First, conflict will encompass all five domains -- air, land, sea, space and cyberspace. We see the possibilities of this future today as space and cyberspace increasingly become contested environments.
Second, conflict will cross our traditional geographic boundaries. We see possibilities of this future today with the emergence of new weapons like cyber weapons and proliferation of familiar weapons like ballistic missiles. I believe future conflicts will not be confined to a single combatant commander's area of responsibility.

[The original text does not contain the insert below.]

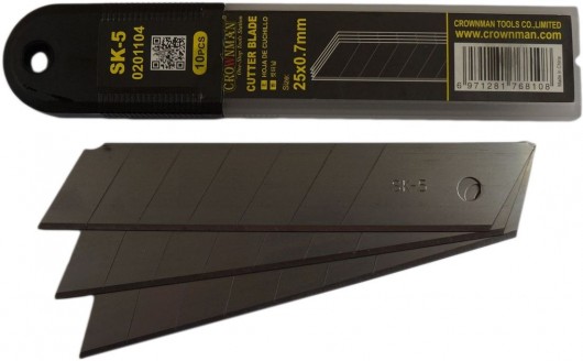 Nomaināmi 25 mm tapetes nažiem. Asmens biezums 0.5 mm. 10 asmeņi. Plastmasas iepakojums. Asmeņi paredzēti kartona, linoleja, paklāju, šindeļu, dažāda veida plēvju un citu būvmateriālu griešanai.

Third, conflict will involve multiple participants. A wider range of actors will have access to advanced capabilities and much lower entry costs and they will seek to remain anonymous or ambiguous and to operate in shadows. Combatants, non-combatants, nation states and non-nation states may all be involved to varying degrees. Just look at the news channels today and try to determine who are the good guys, who are the bad guys, who are the rebels, who are the freedom fighters, who are the terrorists, who are the loyalists, who are the soldiers? I could go on and on.

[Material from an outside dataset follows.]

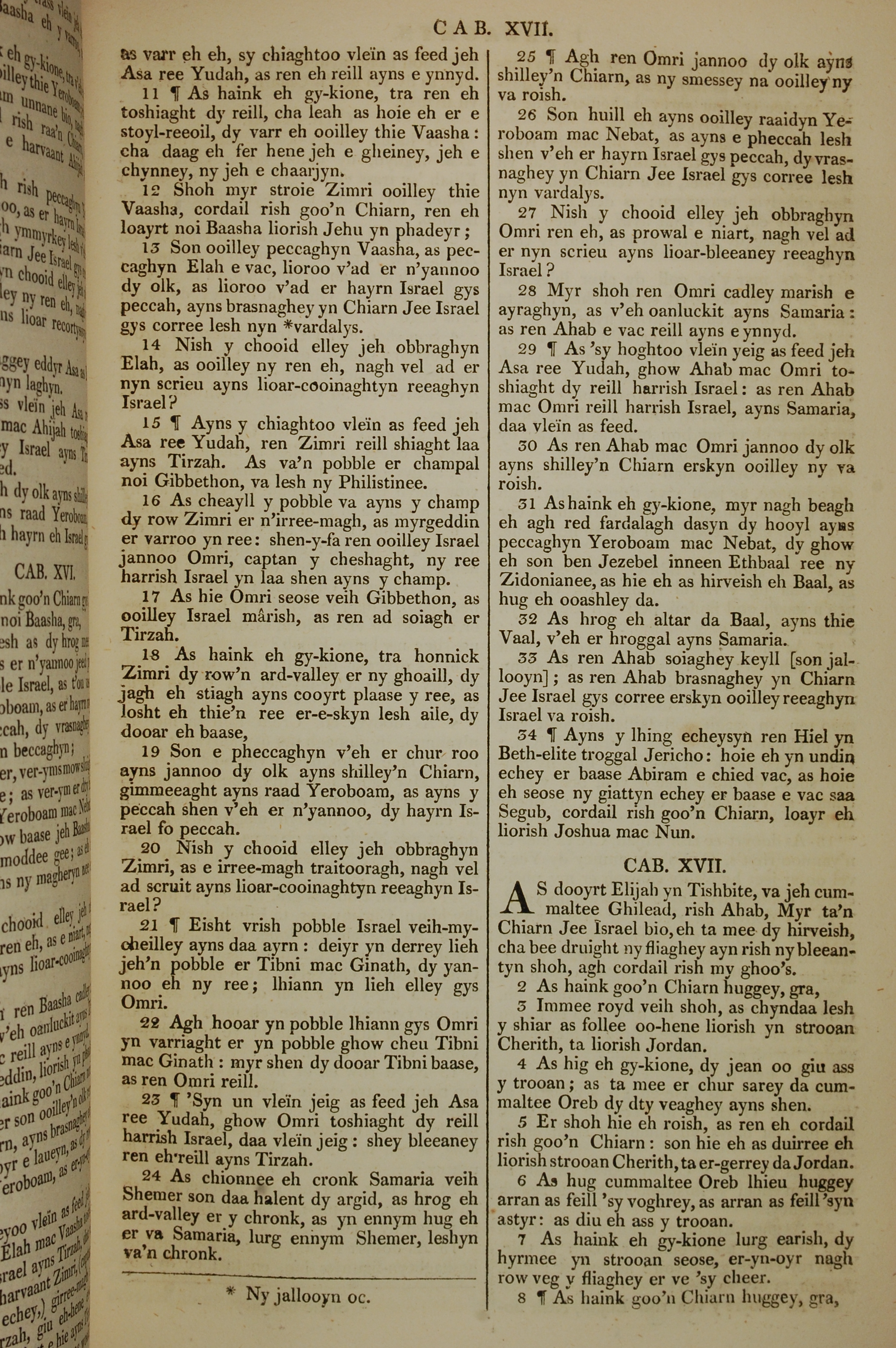 1819年曼岛语圣经 列王纪上 16 章 11 节到 17 章 8 节

Fourth, in my view conflict will be hybrid. I do not see a future neatly categorized as regular or irregular warfare. I see a future where adversaries wield a tighter combination of capabilities, strategies and tactics, and maybe weapons of mass destruction if they can get their hands on them. And where adversaries will work hard to deny or disrupt those U.S. capabilities that allow us to project power or to maintain global awareness and warning.
I think it's important to note the same interconnected networks that enable global commerce, navigation and communication also present tremendous opportunities for disruption. Cyber tools in particular may have surpassed the threat posed by more traditional means of espionage, posing particularly glaring economic as well as national security challenges.
Okay, so I could stop here and say so in conclusion, have a nice day. And walk off. [Laughter]. I'm tempted to do that. But many of you have heard me refer to an old proverb before. The old proverb, and I think it's an old Chinese proverb appropriately, maybe, "May you live in interesting times." But most of us who wear the uniform don't have the luxury of living in interesting times. We get paid to try to deal with interesting times. So how are we going to deal with the challenges that we face?
Just last month the Department of Defense released a new strategic guidance document that establishes our way ahead to deal with these challenges. Now I know many of you in this audience in particular have read it, so just let me remind you of a few points.
Secretary Panetta recently noted our priorities for the 21st Century must sustain global leadership, but we must do so with a joint force that is smaller but agile, flexible, ready and technologically advanced. We will have global presence, but will emphasize the Asia Pacific and the Middle East while maintaining our defense commitments elsewhere. We will preserve our ability to conduct primary missions to protect our core national interests and among those primary interests of course are defeating al-Qaeda and its affiliates, succeeding in current conflicts, deterring and defeating aggression including those seeking to deny our power projection, countering weapons of mass destruction, effectively operating in cyberspace, space, and across all other domains, maintaining a safe and effective nuclear deterrent, protecting the home front.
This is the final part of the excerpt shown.